If the roadblocks were strategically placed they could prevent a rendezvous by cutting off access to public campsites in the national forest and forcing the outlaws to congregate in places where they would be certain, by the very nature of their gath­ering, to violate some county or municipal ordinance. A blockade at Oakhurst, just short of the national-forest boundary, could have created a situation where the Angels could be arrested for either blocking the highway or moving off of it and trespassing on pri­vate property. With a little imagination, the roadblocks might have been gerrymandered to force one group of outlaws off to the south and another to the north. There was no lack of methods the authorities might have used to prevent a Hell’s Angels rally at Bass Lake. But it was the same old story: the police were expecting at least five hundred savages coming in for a rumble; roadblocks would detain them, but for how long? And what then? The idea that the Angels would ride two hundred miles for a party and then be turned back by a roadblock ten miles from their desti­nation was obviously wishful thinking. There would surely be violence, a bloody clash on a major highway, with holiday traffic backed up for miles. The alternative was to let them pass, but that too was fraught with tragic possibilities. It was a certified conun­drum, a rooty challenge to the legal and social machinery of Madera County.
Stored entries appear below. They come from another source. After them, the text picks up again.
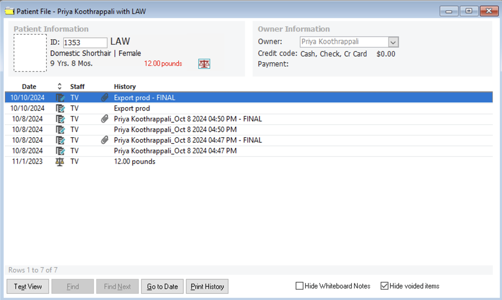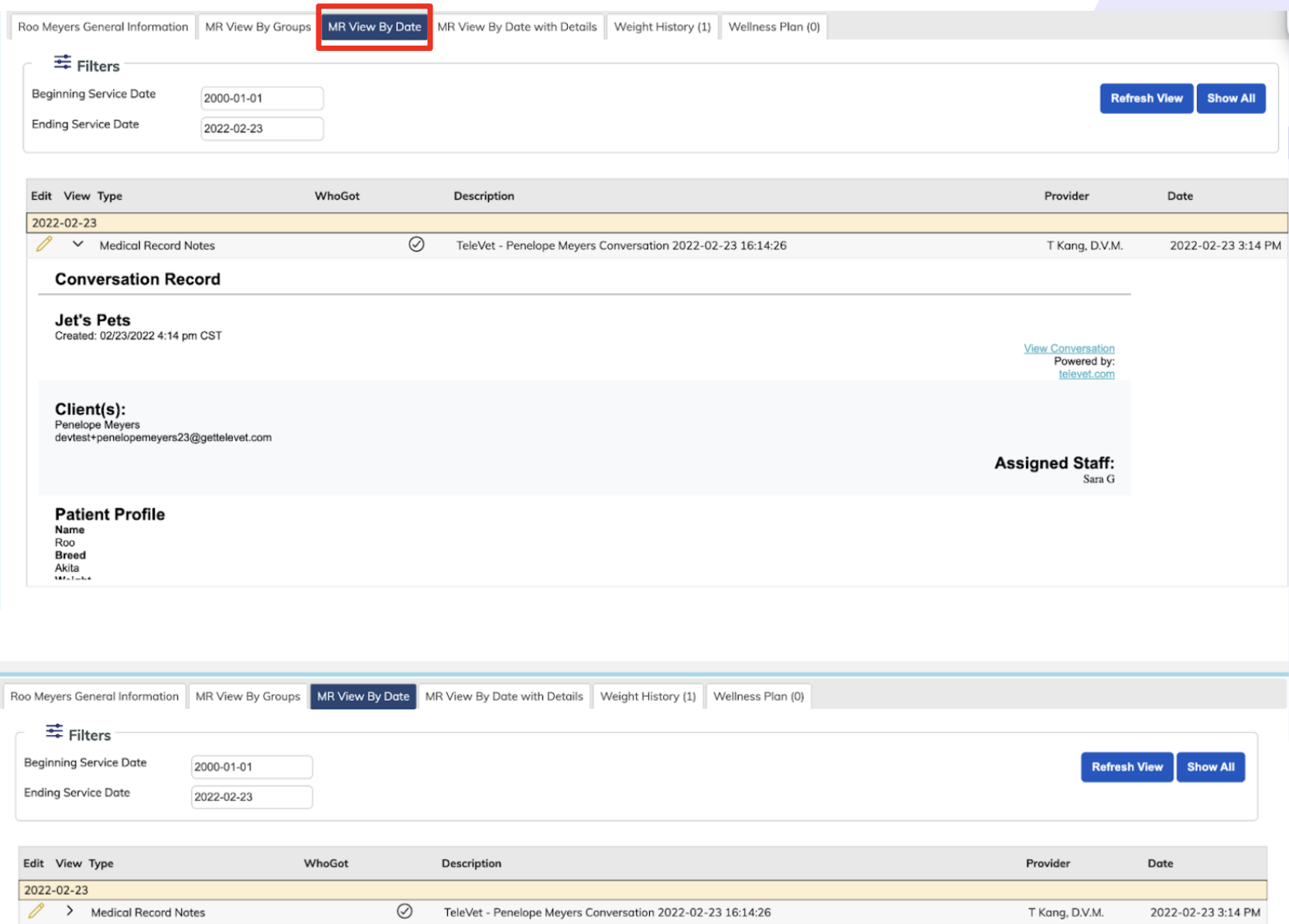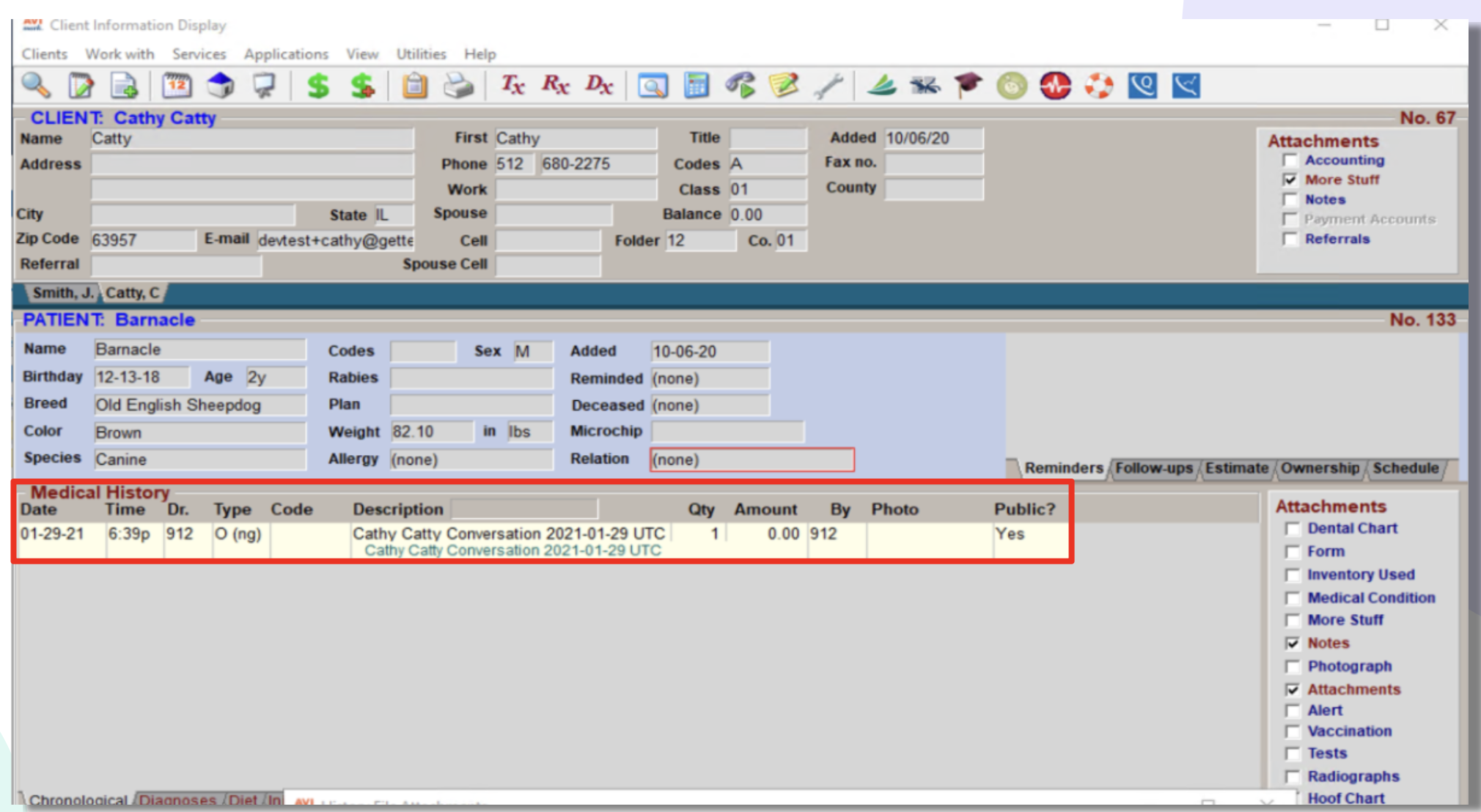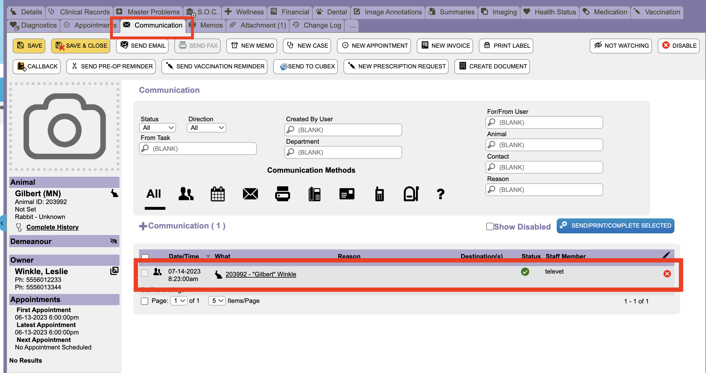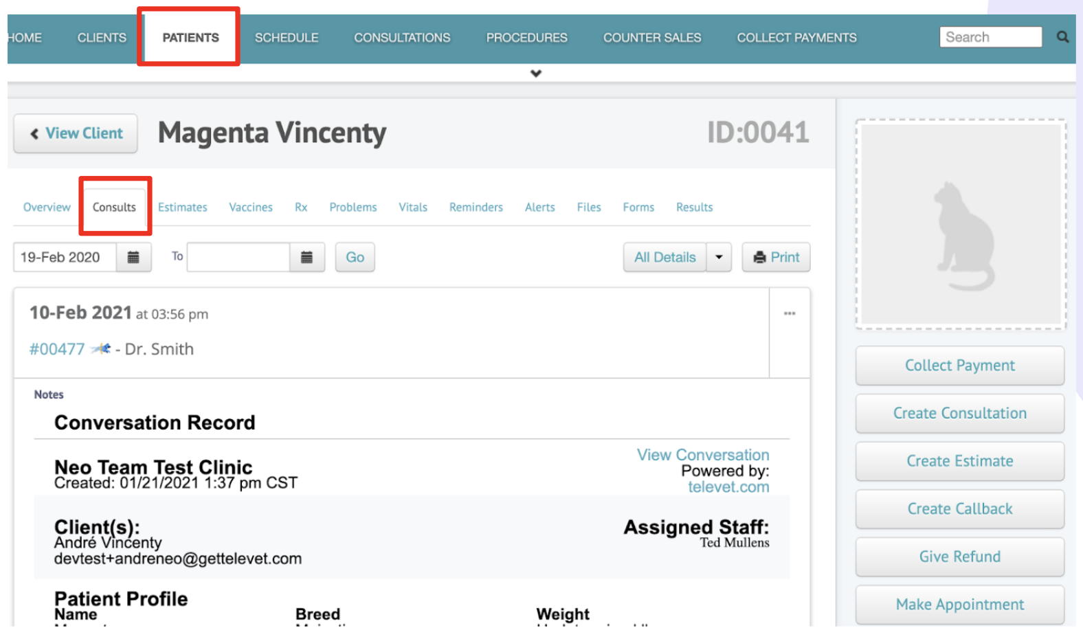 In ezyVet, search desired pet name at the top left, under the purple tab labeled “Animals” and click on Communication tab. A list of conversations will be found in the communication log, click on the desired communication to see the export. Exported AI Scribe can also be viewed from the blue client record within the Communication tab.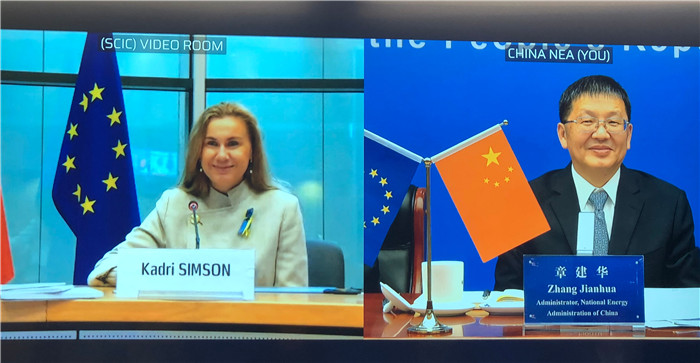 本網(wǎng)訊 3月31日,中國(guó)國(guó)家能源局局長(zhǎng)章建華在北京通過(guò)視頻形式與歐盟能源委員西姆森共同主持召開第十次中歐能源對(duì)話。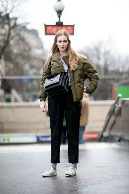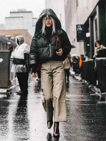阔腿裤配大衣有范儿,但是现在越来越多开始搭配羽绒服了。羽绒服是最适合冬天的外套,抗寒保暖比大衣强多了。对于羽绒服的选择,短款、运动款是首选。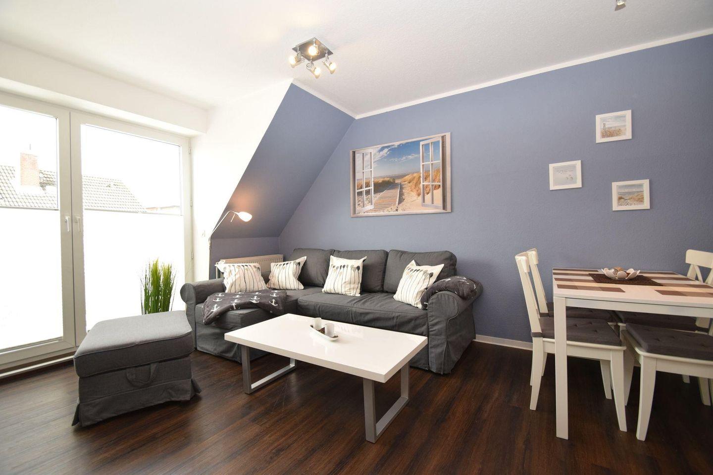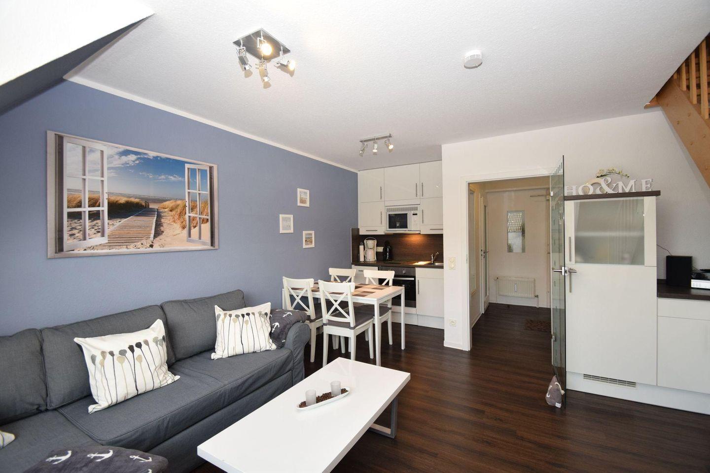 Die modern ausgestattete Wohnung Haus Seemeile 3.10 in Büsum überzeugt im 3. Stock (über 2 Etagen) mit offener Küche, Wohnzimmer und Balkon. Sie bietet ein separates Schlafzimmer, ein Badezimmer mit Dusche und Gäste-WC sowie WLAN, zwei TVs und Spülmaschine.

At a gas station in Mariposa, I asked directions to Bass Lake. The attendant, a boy of about fifteen, advised me solemnly to go elsewhere. The Hell’s Angels are gonna tear the place up, he said. There’s a story about them in Life magazine. Jesus, why would anybody want to go to Bass Lake? Those guys are terrible. They’ll burn the place down.

I told him I was a karate master and wanted to be in on the action. As I left he warned me to watch myself and not take chances. The Hell’s Angels are worse than you think, he said. They’ll run right down a shotgun barrel.

The next stretch of road was like something from a Lewis and Clark diary. The car suffered so badly that I figured I would have to abandon it before the weekend was out and catch a ride back to San Francisco in one of the swastika trucks. I amused myself between creek crossings by telling the tape recorder how weird it was to be seeking out a gang of big-city psychopaths in this kind of country. The road was not even numbered on the map. Now and then I would pass an abandoned log house or the remains of a gold-panning rig. Except for the radio I felt as remote from civi­lization as any lone poacher in the jagged Mission Range peaks of northern Montana.*

* Home turf of the largest grizzly-bear gang in the United States — about four hundred in all.

Somewhere around two in the afternoon I reached the smooth pavement of Highway 41, just south of Bass Lake. I was flipping the radio dial for bulletins when I passed a hot dog stand and saw two outlaw bikes parked conspicuously beside the road. I made a U-turn, parked beside the bikes and found Gut and Buzzard brooding over the restraining order. Buzzard, formerly of Berdoo, is a Hell’s Angel straight out of Central Casting. He is a weird combination of menace, obscenity, elegance and genuine distrust of everything that moves. He turns his back on photographers and thinks all journalists are agents of the Main Cop, who lives in a penthouse on the other side of some bottomless moat that no Hell’s Angel will ever cross except as a prisoner — and then only to have his hands chopped off as a lesson to the others. There is a beautiful consistency about Buzzard; he is a porcupine among men, with his quills always flared. If he won a new car with a raffle ticket bought in his name by some momentary girl friend, he would recognize it at once as a trick to con him out of a license fee. He would denounce the girl as a hired slut, beat up the raffle sponsor, and trade off the car for five hundred Seconals and a gold-handled cattle prod.